** Extracted material **
[Start of Attachment]
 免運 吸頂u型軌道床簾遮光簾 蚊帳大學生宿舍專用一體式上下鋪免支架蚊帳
[End of Attachment]
[Start of Attachment]
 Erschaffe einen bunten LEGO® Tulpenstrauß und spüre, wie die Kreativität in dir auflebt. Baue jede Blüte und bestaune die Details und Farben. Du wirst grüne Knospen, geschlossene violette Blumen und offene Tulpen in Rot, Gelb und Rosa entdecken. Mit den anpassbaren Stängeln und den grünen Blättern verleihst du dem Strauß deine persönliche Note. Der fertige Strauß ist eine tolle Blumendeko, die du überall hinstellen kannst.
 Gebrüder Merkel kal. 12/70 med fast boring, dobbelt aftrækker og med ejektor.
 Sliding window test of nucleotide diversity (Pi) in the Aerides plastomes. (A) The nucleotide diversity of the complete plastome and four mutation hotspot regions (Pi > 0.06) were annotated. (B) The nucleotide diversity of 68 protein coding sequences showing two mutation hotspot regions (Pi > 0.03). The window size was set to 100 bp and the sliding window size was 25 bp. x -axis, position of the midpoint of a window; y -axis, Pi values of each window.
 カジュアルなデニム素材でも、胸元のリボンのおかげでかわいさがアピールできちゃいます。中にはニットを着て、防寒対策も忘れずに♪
[End of Attachment]
[Start of Attachment]
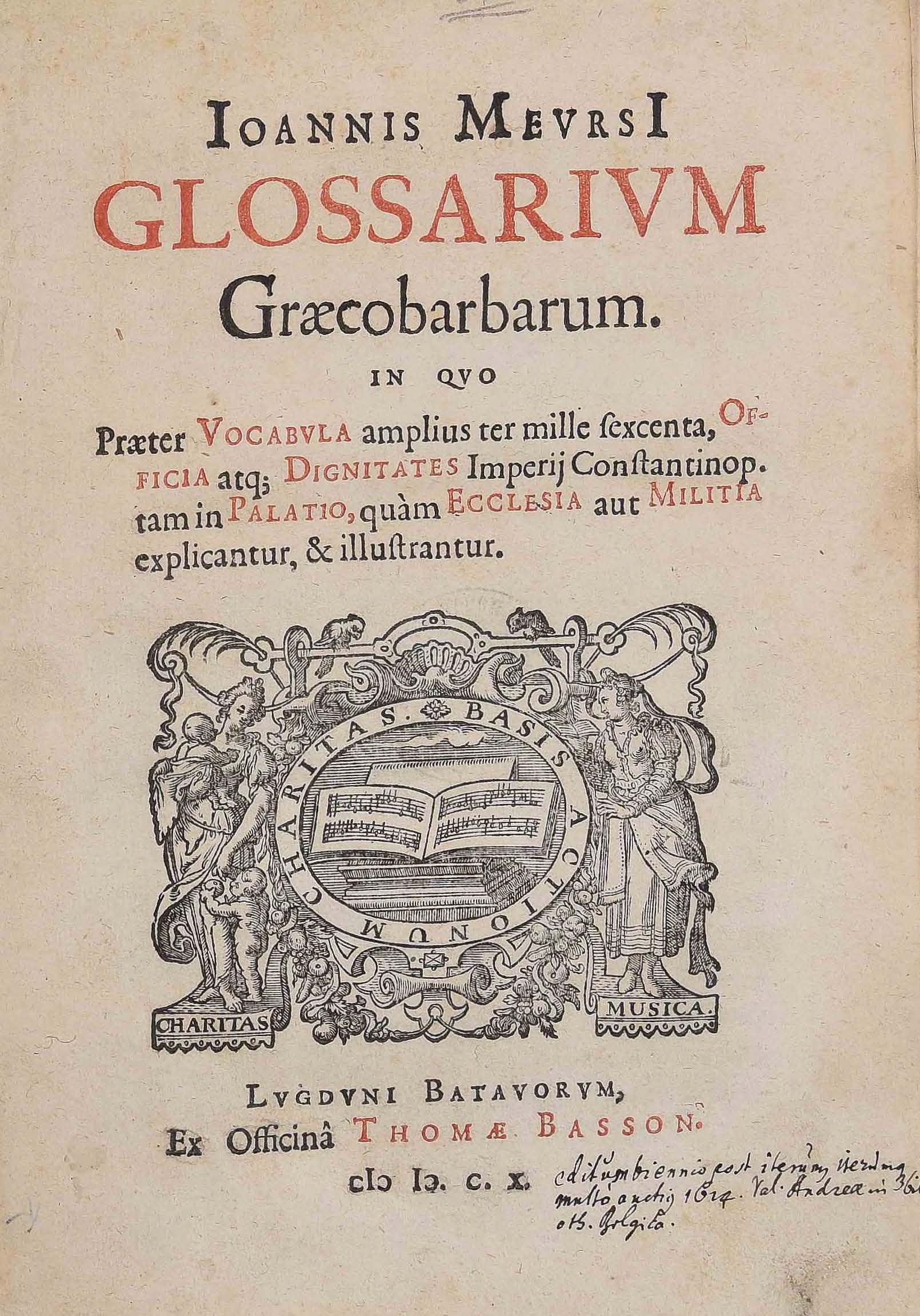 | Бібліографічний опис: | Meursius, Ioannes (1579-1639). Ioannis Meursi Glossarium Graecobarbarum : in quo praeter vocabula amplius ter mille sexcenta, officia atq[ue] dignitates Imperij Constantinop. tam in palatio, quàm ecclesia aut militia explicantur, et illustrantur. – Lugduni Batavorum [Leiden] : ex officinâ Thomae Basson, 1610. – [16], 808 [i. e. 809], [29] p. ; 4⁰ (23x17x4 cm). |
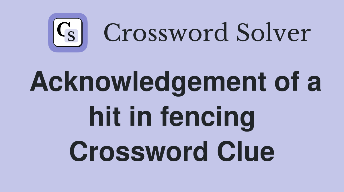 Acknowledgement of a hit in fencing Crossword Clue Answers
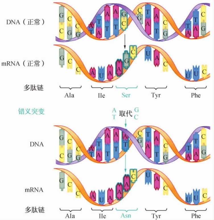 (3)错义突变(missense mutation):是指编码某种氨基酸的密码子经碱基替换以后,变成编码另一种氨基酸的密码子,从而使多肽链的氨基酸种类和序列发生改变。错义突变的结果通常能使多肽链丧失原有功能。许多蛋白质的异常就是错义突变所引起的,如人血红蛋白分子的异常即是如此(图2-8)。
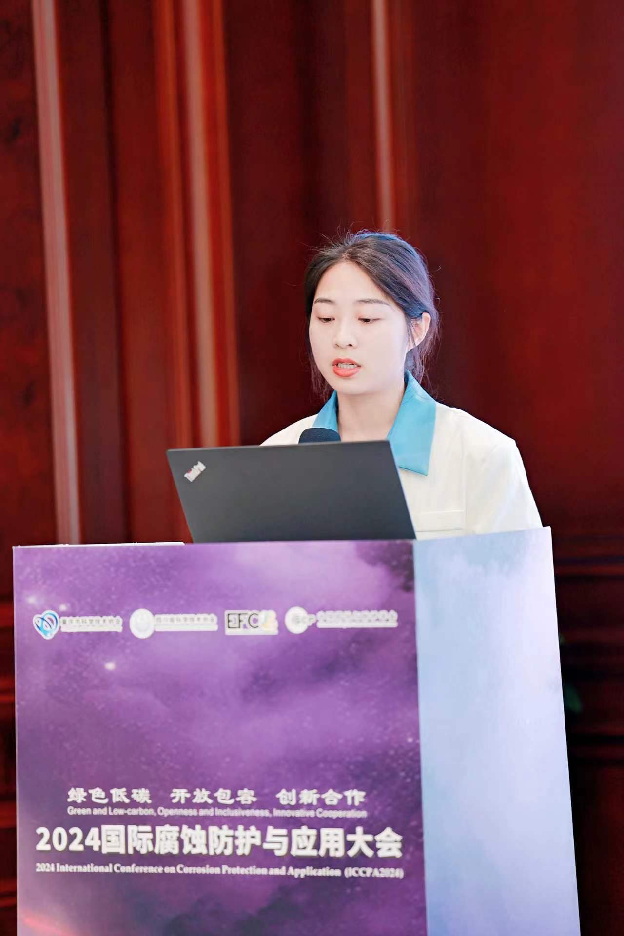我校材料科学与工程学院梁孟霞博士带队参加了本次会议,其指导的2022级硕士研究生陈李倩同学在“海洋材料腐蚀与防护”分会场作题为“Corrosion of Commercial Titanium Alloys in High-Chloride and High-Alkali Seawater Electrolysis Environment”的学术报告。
[End of Attachment]
** About this exercise **
Look above for the line with "(23x17x4 cm). |" and the line with "of Commercial Titanium", then copy them and all lines in between exactly as written, and only those, without any pictures.

** Output for this task **
 | Бібліографічний опис: | Meursius, Ioannes (1579-1639). Ioannis Meursi Glossarium Graecobarbarum : in quo praeter vocabula amplius ter mille sexcenta, officia atq[ue] dignitates Imperij Constantinop. tam in palatio, quàm ecclesia aut militia explicantur, et illustrantur. – Lugduni Batavorum [Leiden] : ex officinâ Thomae Basson, 1610. – [16], 808 [i. e. 809], [29] p. ; 4⁰ (23x17x4 cm). |
 Acknowledgement of a hit in fencing Crossword Clue Answers
 (3)错义突变(missense mutation):是指编码某种氨基酸的密码子经碱基替换以后,变成编码另一种氨基酸的密码子,从而使多肽链的氨基酸种类和序列发生改变。错义突变的结果通常能使多肽链丧失原有功能。许多蛋白质的异常就是错义突变所引起的,如人血红蛋白分子的异常即是如此(图2-8)。
我校材料科学与工程学院梁孟霞博士带队参加了本次会议,其指导的2022级硕士研究生陈李倩同学在“海洋材料腐蚀与防护”分会场作题为“Corrosion of Commercial Titanium Alloys in High-Chloride and High-Alkali Seawater Electrolysis Environment”的学术报告。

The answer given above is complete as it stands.